Divina (tão divina quanto Elizeth foi pra nós aqui no Brasil), La Horn não tem as firulas vocais de Ella Fitzgerald (que também adoro, quando está em seus momentos cancionistas; nos momentos de scat, acho um pouco excessiva), nem a extensão vocal de Sarah Vaughan (que às vezes é um fim em si mesma), nem a frieza de Carmen McRae ou as loucuras de Betty Carter - SH é emoção pura, conjugada a técnica perfeita. Ela é, aliás, uma falsa perfeita, como Elis também foi. E ainda toca aquele piano todo, e harmoniza as canções com propriedade absoluta. É senhora do tempo, dos silêncios, das pausas longuíssimas, mas tem um suingue infernal quando quer. A escolha de repertório é quase impecável. SH é tudo de bom.

(Estou falando dela no tempo presente, porque grandes músicos não morrem.)

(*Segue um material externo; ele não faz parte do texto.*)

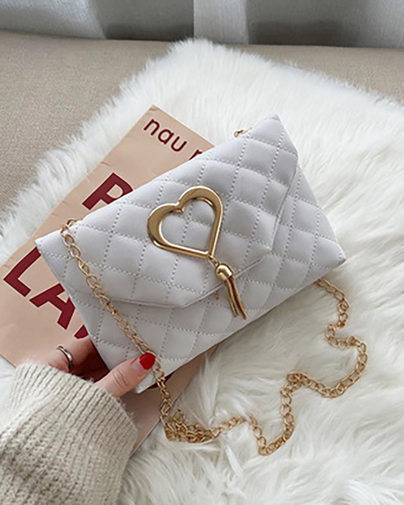Quilted Heart Pattern Tassel Chain Bag, White

No comecinho dos anos 1990, fomos colegas de gravadora, na americana Verve. Muitos anos depois, fui vê-la ao vivo pela primeira vez, quando veio ao Rio. Não era um bom momento. Ela já estava bastante doentinha, tivera um pé amputado, por complicações de diabetes, e não tocava mais piano, pois seu delicado trabalho de dinâmica dos pedais estava prejudicado com isso. Imagino sua aflição, ela que sempre fizera absoluta questão de ser a pianista de si mesma e sempre recusara as propostas para ser uma stand-up singer, ou seja, a cantora que se apresenta de pé no centro do palco, microfone na mão. O piano e ela eram uma unidade, assim como voz e violão têm sido para alguns de nós aqui na nossa MPB, a partir de João Gilberto. Sei perfeitamente, portanto, como ela se sentia quando disse que só gostava de cantar ouvindo os acordes que tinha imaginado, e por isso não podia dispensar o piano. Eu sinto exatamente a mesma coisa com relação ao meu violão.

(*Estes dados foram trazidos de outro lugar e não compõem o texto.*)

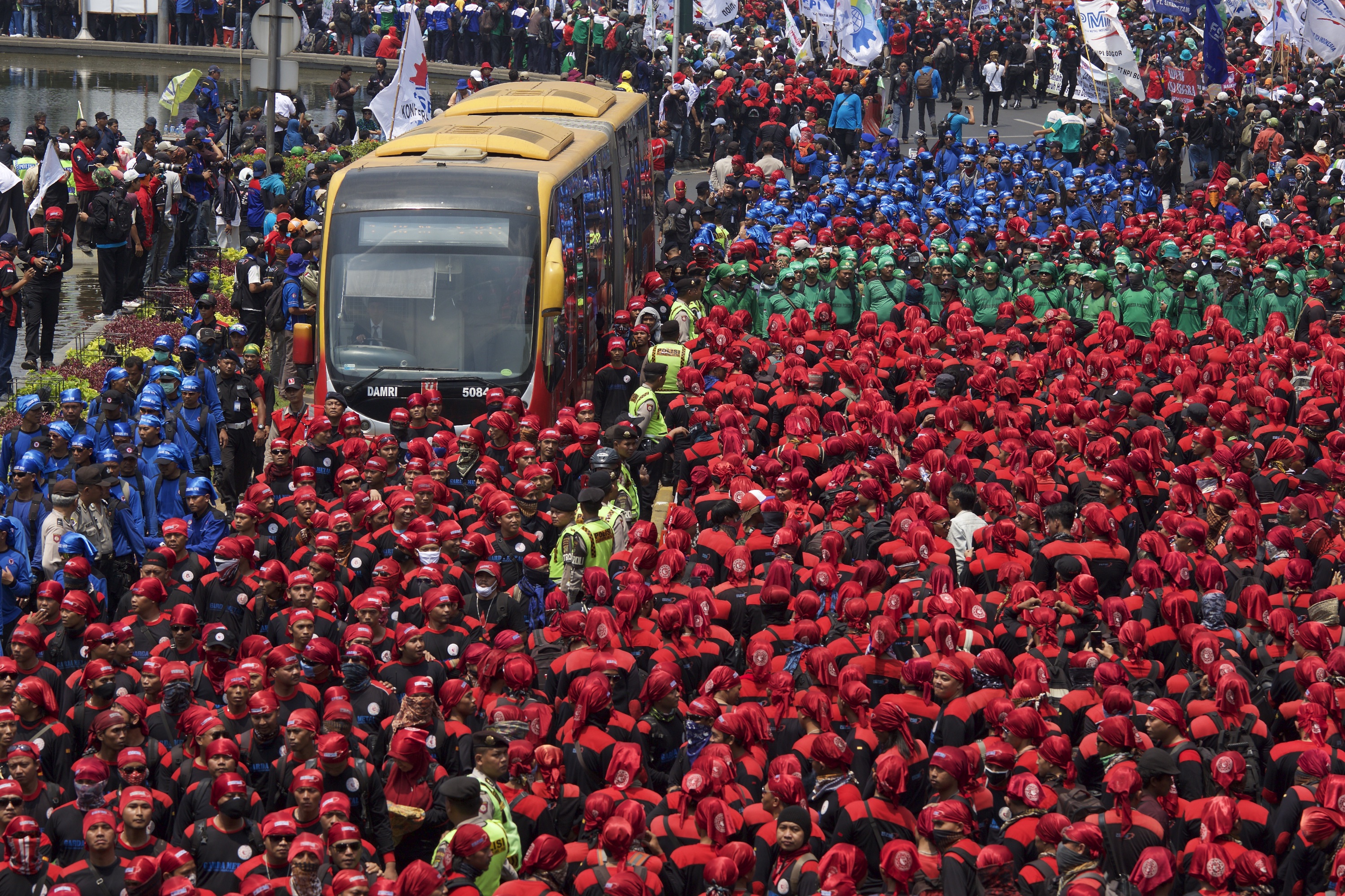 A city commuter bus tries to pass by thousands of Indonesian workers and labor activists as they march to the Presidential Palace to protest against higher prices for basic goods and increasing layoffs for factory workers on Sept. 1, 2015, in Jakarta, Indonesia. Indonesia’s currency, the Rupiah has weakened against the dollar making imported goods, many of which are necessities, more expensive at the same time a global trade slump has forced the closing of many export based businesses. (Ed Wray/Getty Images)

Enfim, voltando aos anos 2000 e pouco, quando fui vê-la: era o famigerado Free Jazz Festival (que nossa filha mais nova, de humor especialmente ácido, tinha apelidado de "Jazz-Free Festival"). Os espetáculos estavam distribuídos por diversas tendas, uma para cada gênero, e nossa musa se apresentava no chamado 'club'. Só que bem ao lado estava a tenda do hip-hop, e o tratamento acústico não era dos melhores, para dizer o mínimo. O concerto de Shirley, com suas pausas e silêncios, seria enormemente prejudicado pela barulheira ao lado, fazendo com que ela parasse o show na metade, por não conseguir seguir em frente com sua música. 

Foi um dos momentos em que tive mais vergonha de nossa brasileiríssima falta de cuidado, embora esse tipo de coisa até possa acontecer em outros locais também. Mas a diva estava lá, em cadeira de rodas, pronta para oferecer o seu melhor, embora apenas com a voz - o piano estava ocupado por outro músico, já que ela não podia mais tocar. Mas isso já era muito. Não custava nada o pessoal da organização ter programado horários diferentes para os diferentes espetáculos. Teria sido mais respeitoso.

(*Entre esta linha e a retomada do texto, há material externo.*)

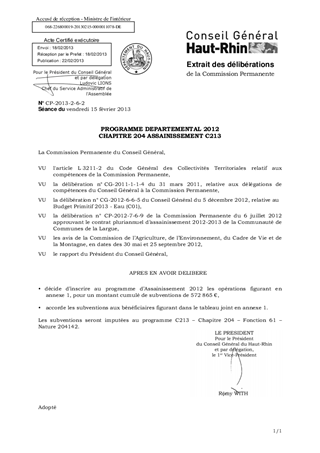 PROGRAMME DEPARTEMENTAL 2012 CHAPITRE 204 ASSAINISSEMENT C213

Fui falar com ela no camarim, depois do show. Ela se lembrava de mim e foi gentil, dentro do possível naquelas circunstancias. Sua produtora, Sheila Mathis, uma boa amiga dos velhos tempos da Verve, me ajudou a sair dali antes que sua patroa desse uma solene bronca nos organizadores do festival. Seria a última chance para nós, seus fãs, de tê-la ao vivo, pois a Divina iria falecer logo em seguida.

Tudo isso me veio à lembrança enquanto ouvia Barbra cantar 'Here's To Life', a canção-assinatura de Shirley, com um arranjo do Johnny, quase igual-que-nem o original. Corajosa, essa dona Streisand. 

PS- Perdão, tomei como certo que todo o mundo que lê meu blog tenha lido meu livro também. Nele há um capítulo chamado 'Perfeição' onde eu, meio de brincadeira, divido os criadores em perfeitos e imperfeitos. Cito a mim mesma aqui: "o imperfeito é possuído pela paixão, o perfeito a possui". Então, por exemplo, Pelé é perfeito e Garrincha imperfeito, Renoir é perfeito e Van Gogh imperfeito, e por aí vai. Todos geniais, de qualquer modo. Os falsos perfeitos parecem perfeitos, mas não são: já chegaram a tal domínio da sua arte que podem deixar a emoção fluir sem risco. É o caso de Shirley... e de Elis.